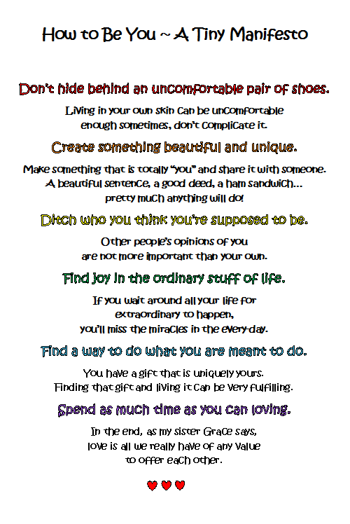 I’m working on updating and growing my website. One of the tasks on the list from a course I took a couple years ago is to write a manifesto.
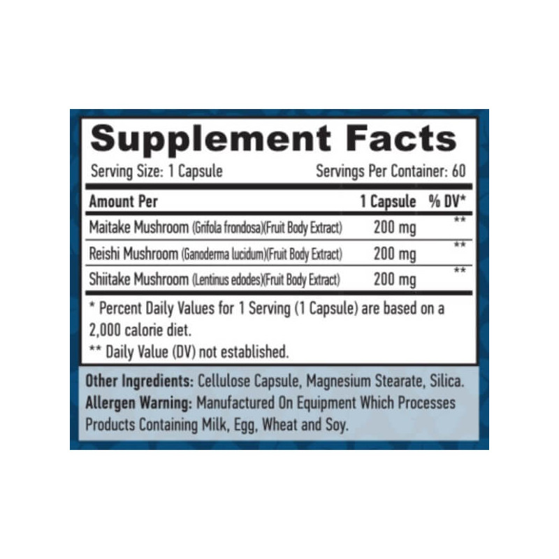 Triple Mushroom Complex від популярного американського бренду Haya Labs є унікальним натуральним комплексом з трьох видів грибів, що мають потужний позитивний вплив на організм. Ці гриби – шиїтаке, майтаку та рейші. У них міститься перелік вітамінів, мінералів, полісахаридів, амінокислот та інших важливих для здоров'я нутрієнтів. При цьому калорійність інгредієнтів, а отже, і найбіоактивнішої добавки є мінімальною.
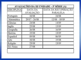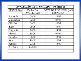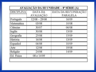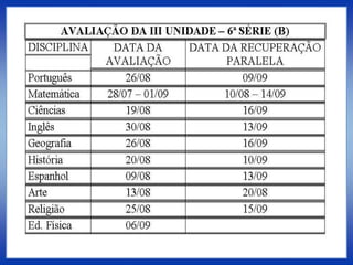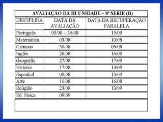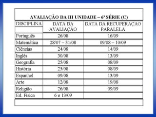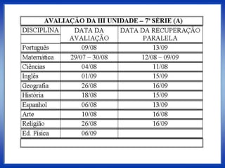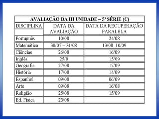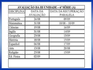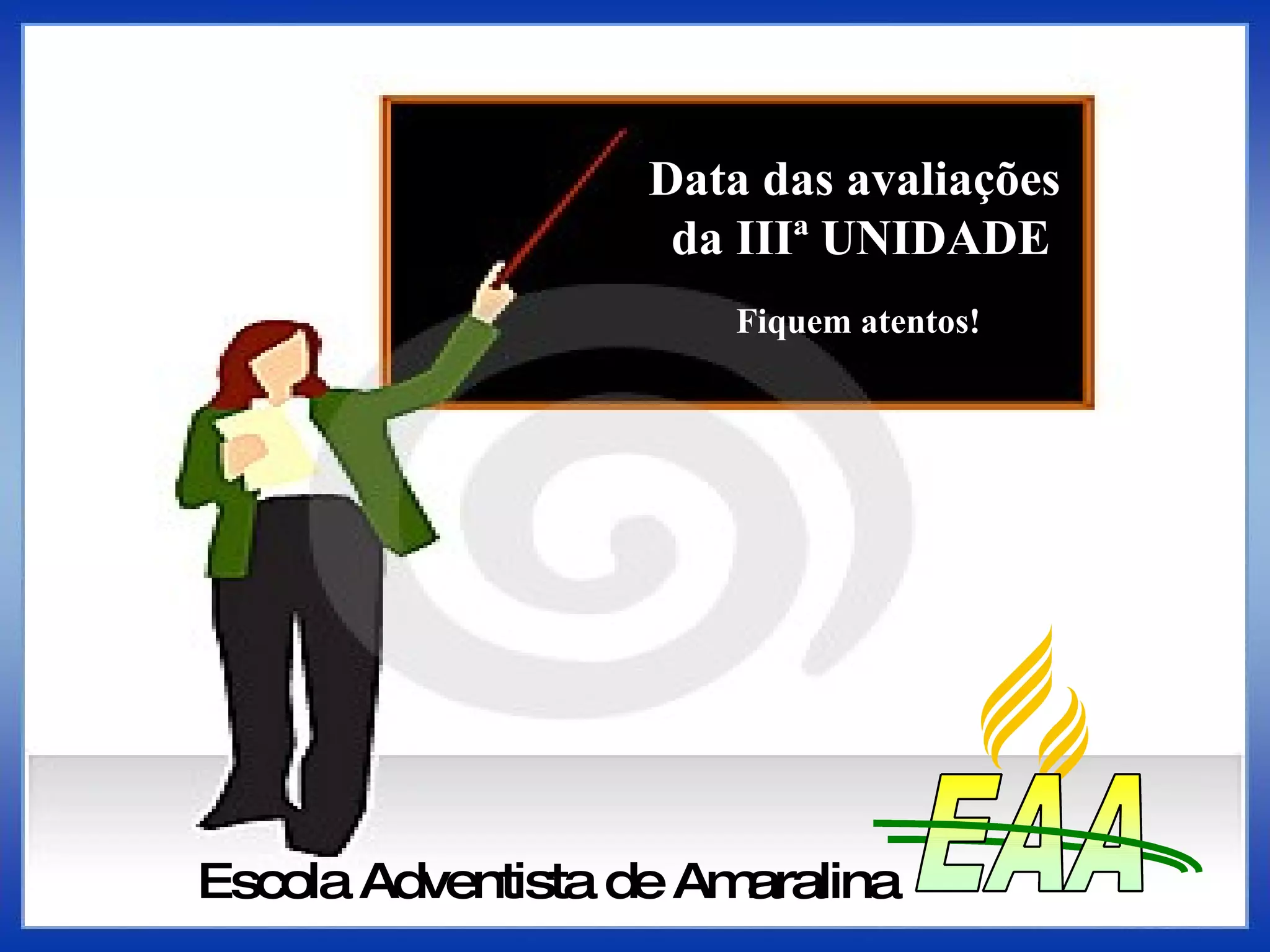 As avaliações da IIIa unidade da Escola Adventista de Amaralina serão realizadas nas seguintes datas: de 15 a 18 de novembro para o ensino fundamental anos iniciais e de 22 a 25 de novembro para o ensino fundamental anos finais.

++++++++++++++++++++

TASK PROMPT ▸ Only the lines from the one containing "Triple Mushroom Complex" through the last line of the data above, both included, belong in the reply, each restated exactly and without pictures.

RESPONSE BELOW ▸
 Triple Mushroom Complex від популярного американського бренду Haya Labs є унікальним натуральним комплексом з трьох видів грибів, що мають потужний позитивний вплив на організм. Ці гриби – шиїтаке, майтаку та рейші. У них міститься перелік вітамінів, мінералів, полісахаридів, амінокислот та інших важливих для здоров'я нутрієнтів. При цьому калорійність інгредієнтів, а отже, і найбіоактивнішої добавки є мінімальною.
 As avaliações da IIIa unidade da Escola Adventista de Amaralina serão realizadas nas seguintes datas: de 15 a 18 de novembro para o ensino fundamental anos iniciais e de 22 a 25 de novembro para o ensino fundamental anos finais.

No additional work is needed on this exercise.